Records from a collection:
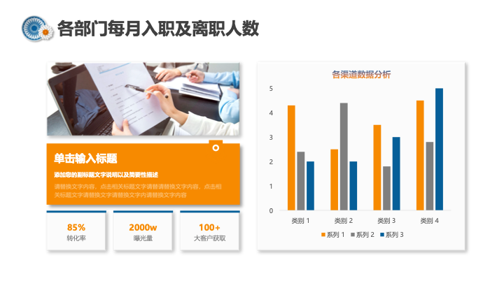 - 人力资源配置管理:此章节包含招聘渠道对比、周边市场比较、入离职分析等专业HR数据图表,为数据化呈现人力资源现状提供了清新直观的视觉方案。
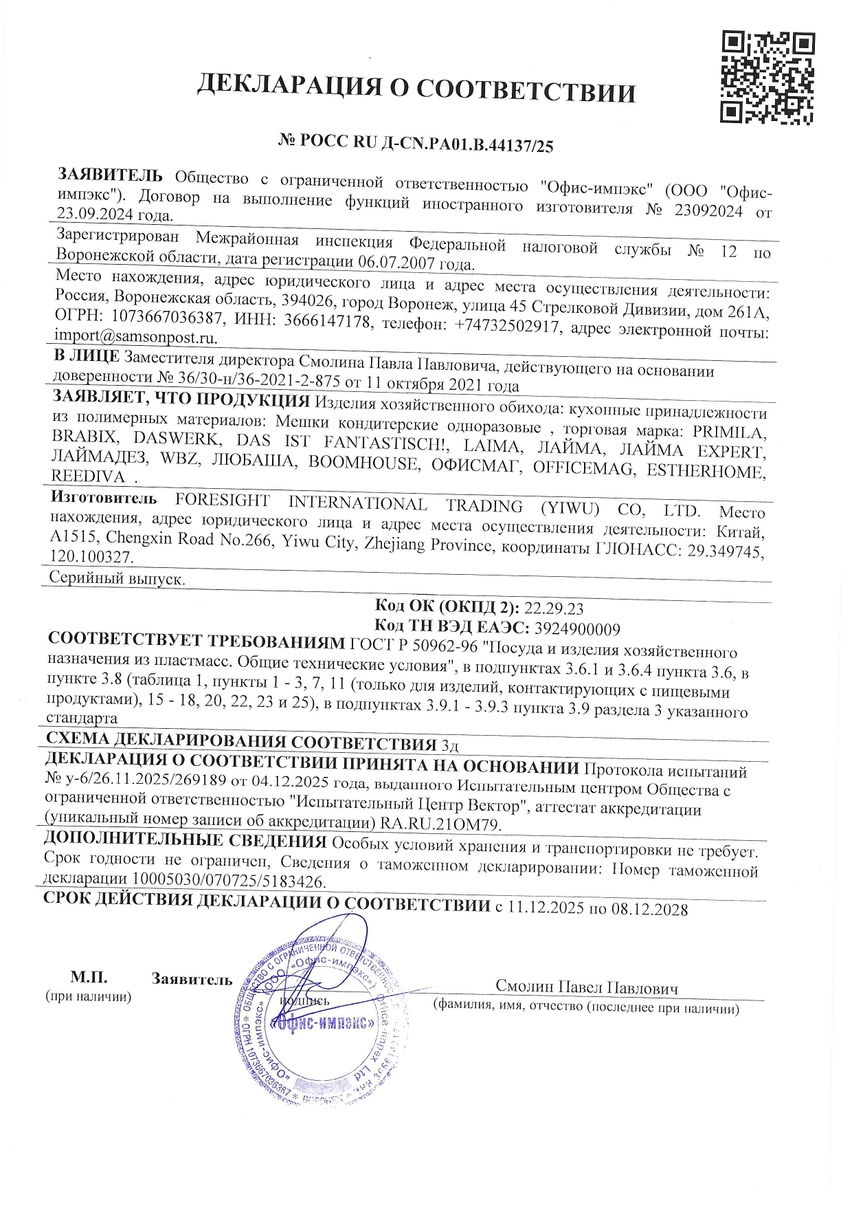 Мешок кондитерский одноразовый 23х35 см, размер L, КОМПЛЕКТ 100 штук, 35 мкм, LAIMA Home Код товара: 700703 219,19 ₽ Купить Производитель:LAIMA Кондитерские мешки LAIMA Home – ваш ключ к идеальному декору: украшайте торты, капкейки и другие десерты, как настоящий профессионал. Кондитерские мешки удобны в использовании, прочны и идеально подходят как для кремов, так и для глазури. Кондитерские мешки LAIMA Home сделают вид вашего десерта безупречным. Имеют прочную и гибкую структуру (не рвутся и не деформируются при нажатии), эргономичную форму, оптимальный размер и противоскользящую структуру для комфортного захвата. Подходят для насадок любого типа, а также могут быть использованы без них. Размер мешка: L (23х35х41,9 см). Объем: 580 мл. Количество в комплекте: 100 штук.Производство: КитайТип товара: мешок кондитерскийМатериал: полиэтиленТолщина: 35 мкмКоличество в комплекте: 100 шт.Одноразовый: даРазмер: 23х35 смЦвет: прозрачныйВес: 248 грРазмер упаковки: 1.7 × 37 × 24.3 смОбъём: 0.0005 м3Промежуточная упаковка: 200 штТранспортная упаковка: 200 штШтрих-код: 4606224499444 Сертификат-1.jpg Сертификат-2.jpg Сертификат-3.jpg
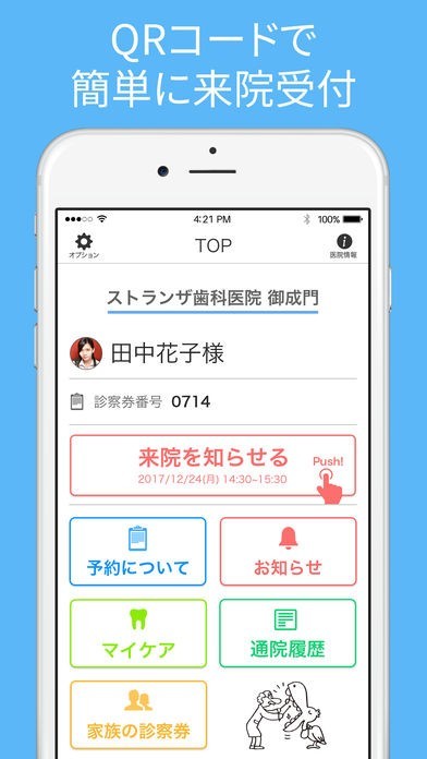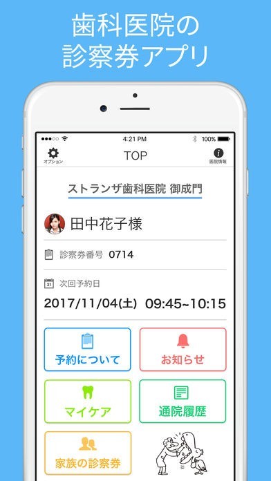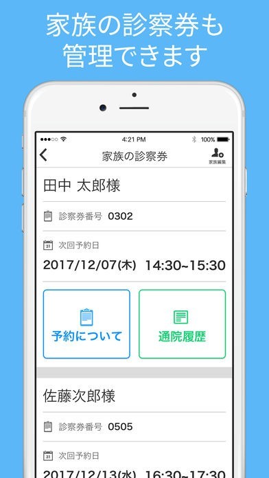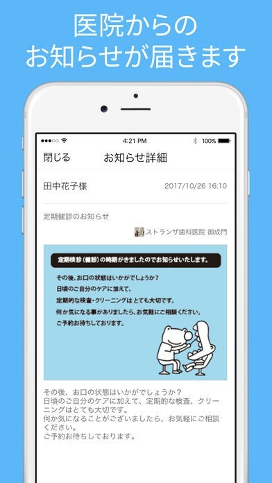 App Storeより引用アプリから直接予約が可能で、次回の予約や、過去の通院履歴も一目で見ることが出来ます。勿論、医院からのお知らせも、このアプリで受け取れます。本人だけでなく、お子様や高齢の方など付き添いの方でもお知らせを受け取ることができます。また、来院受付の機能やセルフケア商品のオススメ情報や購入履歴も一覧で確認できます。
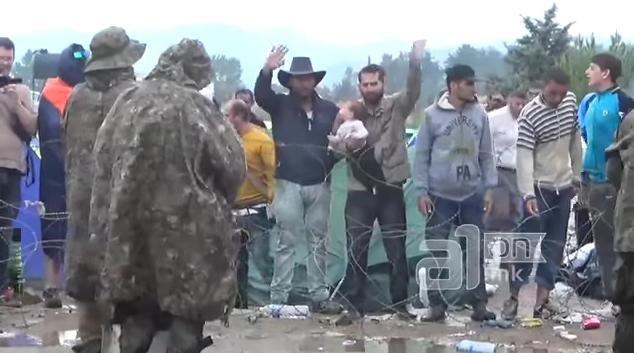 soldados macedonios intentando repartir comidas entre refugiados sirios, pero estos no la aceptan porque lleva el emblema de la
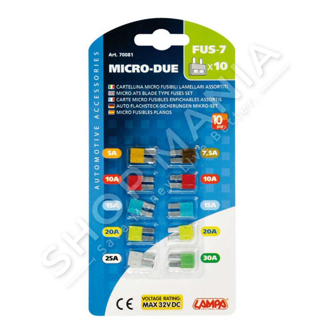 Ne paketim perfshihen 10 siguresa me amperazhe si me poshte: 5A, 7.5A, 10A, 10A, 15A, 15A, 20A, 20A, 25A, 30A.

## INSTRUCTIONS FOR THE TASK
Give back every entry in full, exactly as written, with no picture included.

## TASK RESPONSE
 - 人力资源配置管理:此章节包含招聘渠道对比、周边市场比较、入离职分析等专业HR数据图表,为数据化呈现人力资源现状提供了清新直观的视觉方案。
 Мешок кондитерский одноразовый 23х35 см, размер L, КОМПЛЕКТ 100 штук, 35 мкм, LAIMA Home Код товара: 700703 219,19 ₽ Купить Производитель:LAIMA Кондитерские мешки LAIMA Home – ваш ключ к идеальному декору: украшайте торты, капкейки и другие десерты, как настоящий профессионал. Кондитерские мешки удобны в использовании, прочны и идеально подходят как для кремов, так и для глазури. Кондитерские мешки LAIMA Home сделают вид вашего десерта безупречным. Имеют прочную и гибкую структуру (не рвутся и не деформируются при нажатии), эргономичную форму, оптимальный размер и противоскользящую структуру для комфортного захвата. Подходят для насадок любого типа, а также могут быть использованы без них. Размер мешка: L (23х35х41,9 см). Объем: 580 мл. Количество в комплекте: 100 штук.Производство: КитайТип товара: мешок кондитерскийМатериал: полиэтиленТолщина: 35 мкмКоличество в комплекте: 100 шт.Одноразовый: даРазмер: 23х35 смЦвет: прозрачныйВес: 248 грРазмер упаковки: 1.7 × 37 × 24.3 смОбъём: 0.0005 м3Промежуточная упаковка: 200 штТранспортная упаковка: 200 штШтрих-код: 4606224499444 Сертификат-1.jpg Сертификат-2.jpg Сертификат-3.jpg
 App Storeより引用アプリから直接予約が可能で、次回の予約や、過去の通院履歴も一目で見ることが出来ます。勿論、医院からのお知らせも、このアプリで受け取れます。本人だけでなく、お子様や高齢の方など付き添いの方でもお知らせを受け取ることができます。また、来院受付の機能やセルフケア商品のオススメ情報や購入履歴も一覧で確認できます。
 soldados macedonios intentando repartir comidas entre refugiados sirios, pero estos no la aceptan porque lleva el emblema de la
 Ne paketim perfshihen 10 siguresa me amperazhe si me poshte: 5A, 7.5A, 10A, 10A, 15A, 15A, 20A, 20A, 25A, 30A.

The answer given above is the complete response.